■ **Data provided**:
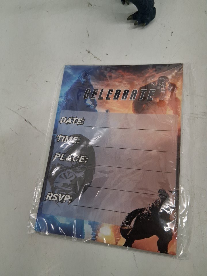 11PC Godzilla x Kong : The New Empire Battle Roar Godzilla Figure WITH 10 BIRTHDAY Invitation Cards - 11"
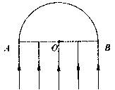 2、选择题 平行单色光a垂直射向一半径为R的玻璃半球的平面,其截面如图所示,发现圆弧AB上只有1/3区域有光射出(不考虑光反射后的折射光线)。若将a平行光换成b平行光,发现光从AB弧上射出的范围增大。下列说法正确的是
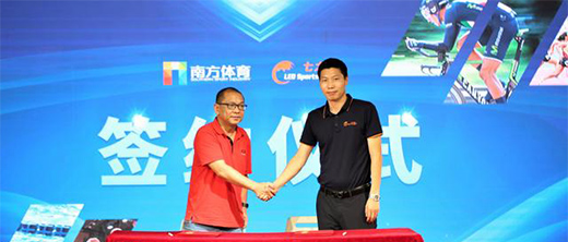 廣東七大洲實(shí)業(yè)有限公司總經(jīng)理張飛虎(右)與南方體育董事總經(jīng)理洪昊(左)
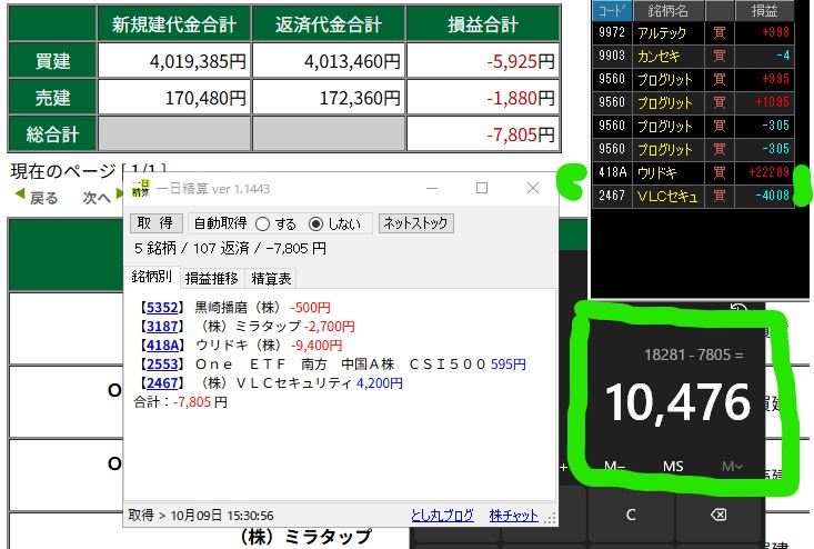 ポチッと応援して頂けたら嬉しいです HOME > トレード結果 > トレード結果 日々の成績 2025/10/09 2025年10月9日 今日は昨日S高のウリドキとVLCカブコムと両建て ウリドキはビビりすぎて全然入れなかった VLCはデーセクみながらやったら全然噛み合わなくチャラ オマケは+2400 下2つウリドキとVLCセキュは松井と両建て分です ウリドキ+13000程 VLCチャラ 本日➕️10400でした ミラタップ許せねえ...w ポチッと応援して頂けたら嬉しいです ※お知らせ フィスコさんからオファーを頂いて、自分のトレード動画を見てみたいと言ってくれる方も多数いたのでチャレンジしてみました 普段のトレードをそのまま見せています スキャルピング目線の人はもちろん時間軸が違う方にもインアウトのタイミングや考え方は参考になると思っています 板読みについて丁寧に説明したつもりなのでよけばお願いします! 気になる事があればDMなどで連絡下さい 板読みデイトレ術 東京メトロ TwitterTwitter LINE コピーする -トレード結果, 日々の成績

■ **The problem**: Print the entire listing above verbatim. No picture should be included.

■ **Reply**:
 11PC Godzilla x Kong : The New Empire Battle Roar Godzilla Figure WITH 10 BIRTHDAY Invitation Cards - 11"
 2、选择题 平行单色光a垂直射向一半径为R的玻璃半球的平面,其截面如图所示,发现圆弧AB上只有1/3区域有光射出(不考虑光反射后的折射光线)。若将a平行光换成b平行光,发现光从AB弧上射出的范围增大。下列说法正确的是
 廣東七大洲實(shí)業(yè)有限公司總經(jīng)理張飛虎(右)與南方體育董事總經(jīng)理洪昊(左)
 ポチッと応援して頂けたら嬉しいです HOME > トレード結果 > トレード結果 日々の成績 2025/10/09 2025年10月9日 今日は昨日S高のウリドキとVLCカブコムと両建て ウリドキはビビりすぎて全然入れなかった VLCはデーセクみながらやったら全然噛み合わなくチャラ オマケは+2400 下2つウリドキとVLCセキュは松井と両建て分です ウリドキ+13000程 VLCチャラ 本日➕️10400でした ミラタップ許せねえ...w ポチッと応援して頂けたら嬉しいです ※お知らせ フィスコさんからオファーを頂いて、自分のトレード動画を見てみたいと言ってくれる方も多数いたのでチャレンジしてみました 普段のトレードをそのまま見せています スキャルピング目線の人はもちろん時間軸が違う方にもインアウトのタイミングや考え方は参考になると思っています 板読みについて丁寧に説明したつもりなのでよけばお願いします! 気になる事があればDMなどで連絡下さい 板読みデイトレ術 東京メトロ TwitterTwitter LINE コピーする -トレード結果, 日々の成績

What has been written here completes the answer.